Oxfam International observed, “Billionaires saw their wealth increase by $762 billion in [2017]. This huge increase could have ended global extreme poverty seven times over.”
Alston and Oxfam are unveiling the scarcity mentality that too often guides our individual and collective actions.
The lie of scarcity – that there isn’t enough to go around, that hoarding and hiding resources are necessary to my survival – lies at the heart of the lack of political will Alston references.

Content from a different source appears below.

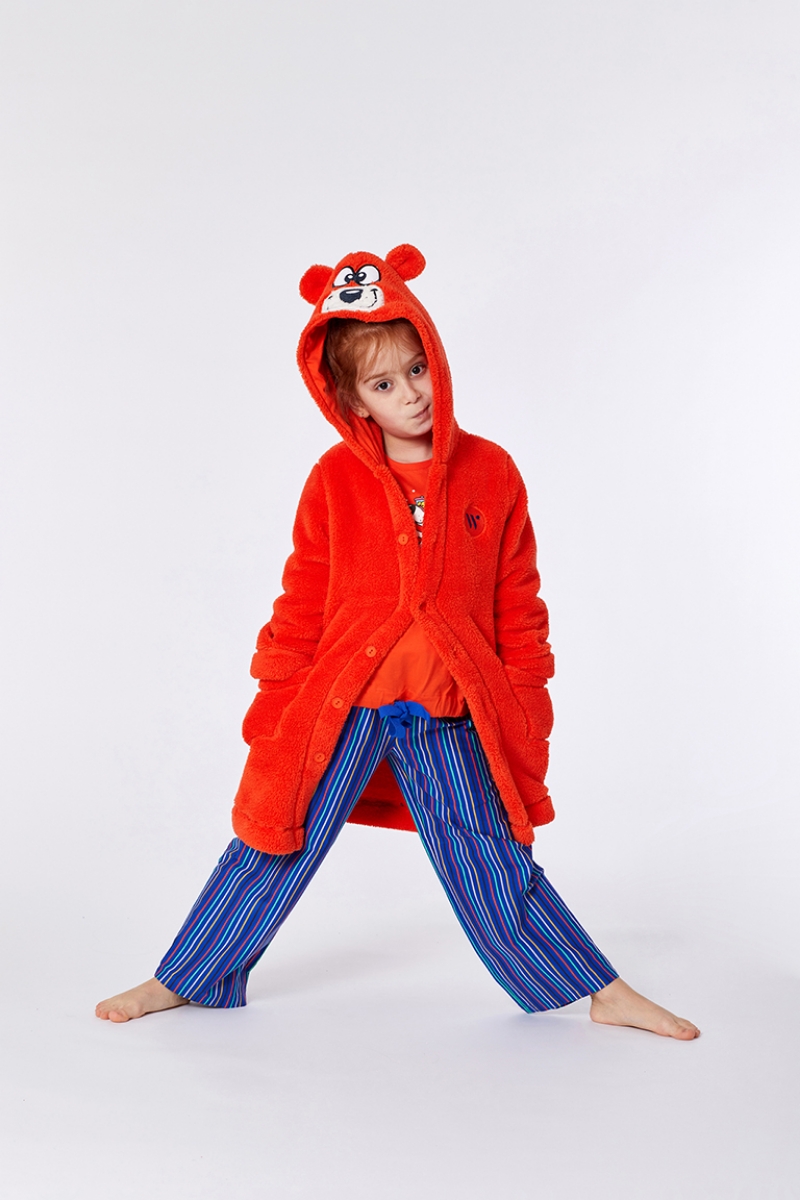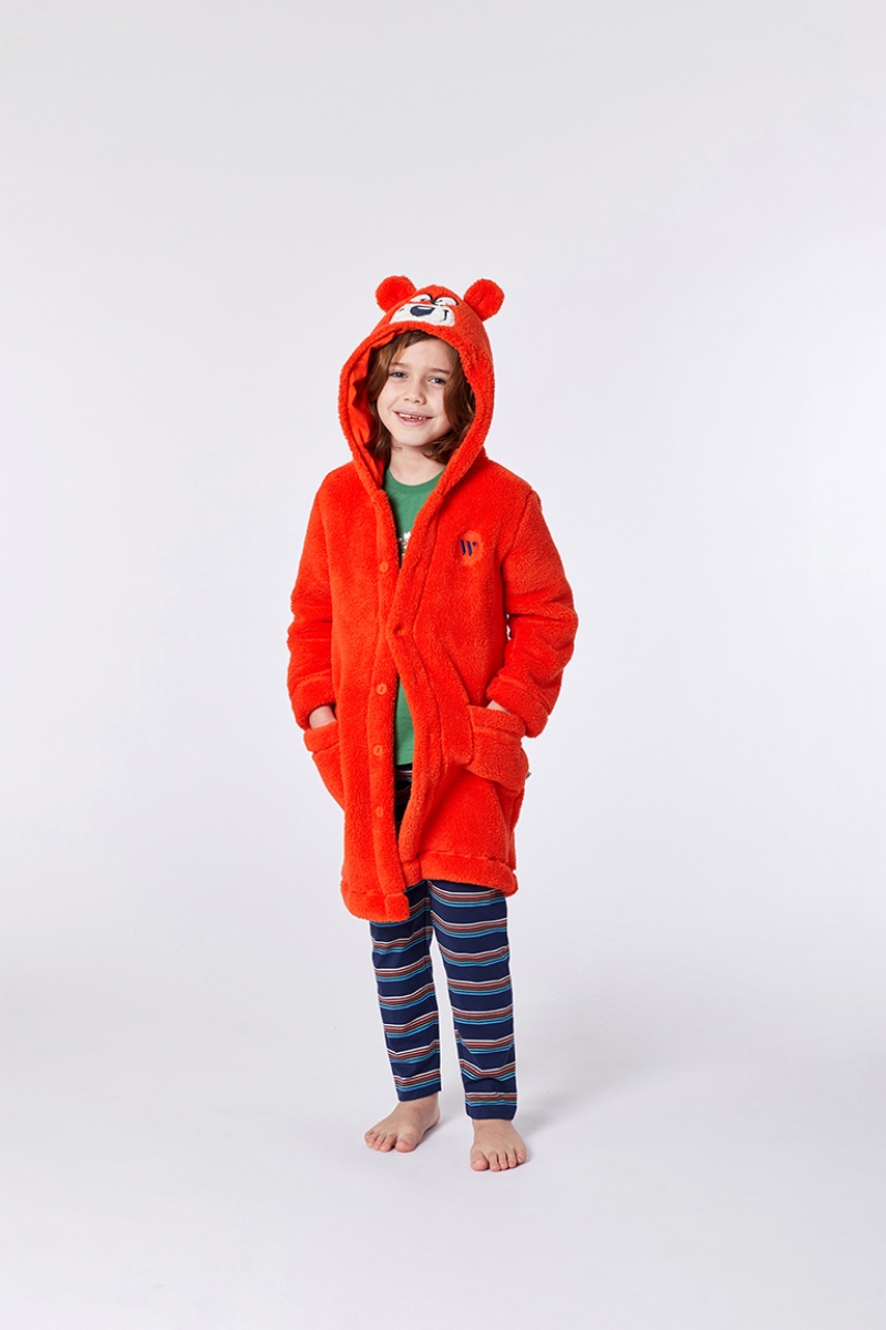 - 2-8 Yaş Yumuşak Bornoz Sabahlık-Rom - 546-Kutup Ayısı Temalı Mandalin Turuncusu

It is this fear-based logic that Jesus reveals as fallacy in the feeding of the 5,000 (Matthew 14:13-21; Mark 6:30-44; Luke 9:10-17; John 6:1-15) and of the 4,000 (Matthew 15:32-39; Mark 8:1-9).
In my reading of these stories – drawing on an interpretation William Barclay set forth in his “Daily Bible Study” series – Jesus meets a great need by eliciting the compassion and generosity of those who had just a little food to spare by encouraging them to share with those who had none.
A young boy is the first to respond to Jesus’ encouragement by offering his afternoon snack, which results in others in the crowd doing likewise.
The lesson is obvious: When the “haves” share what they perceive to be meager resources with the “have-nots,” everyone receives their fill with plenty left over.
This is the good, glad news of Jesus that liberates us from the seemingly engrained scarcity mindset that inclines us to hoard our resources. It can provide the “political will” to meet the world’s seemingly insurmountable need.
When we open our hearts and hands to those in need, when we turn from selfishness to selflessness, when we are liberated from our biological impulse of “survival of the fittest,” we discover that there is plenty to go around.
But we only see this when we become like the young boy who responded to Jesus’ command to feed the hungry crowd by opening his heart and his hands to share the little bit he had.
As we follow this young boy’s example, we just might bump up against the good and glad news of Jesus – the promise and provision of new, expansive, abundant life for the whole wide world that shows up when, where and in ways we least expect.